#### AIM OF THE TASK:
Look below for the line with "In September 2020, a". Retype it and every line after it to the end, exactly, but leave out the pictures.

#### GIVEN MATERIAL:

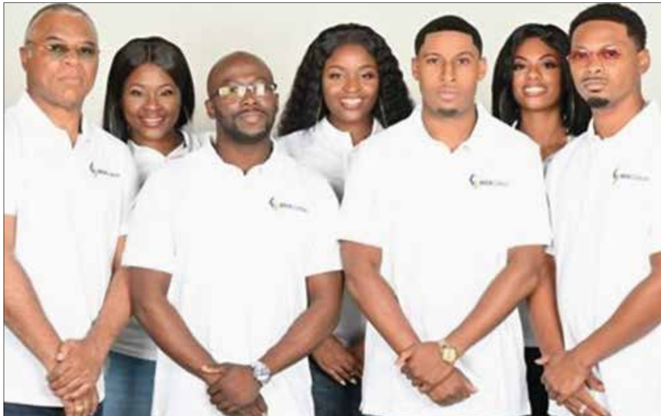
Representatives from BCA Culture, a cutting-edge technology company, have created an Internet app to help minority business owners eliminate the mystery and intimidation around the credit building process.

In September 2020, a cutting-edge, technology company out of Atlanta, BCA Culture, launched a new Internet app geared to African Americans and other minority business owners to eliminate the mystery and intimidation around the credit building process.
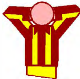
LOSS OF DOWN

#### OUTPUT BELOW:
In September 2020, a cutting-edge, technology company out of Atlanta, BCA Culture, launched a new Internet app geared to African Americans and other minority business owners to eliminate the mystery and intimidation around the credit building process.
LOSS OF DOWN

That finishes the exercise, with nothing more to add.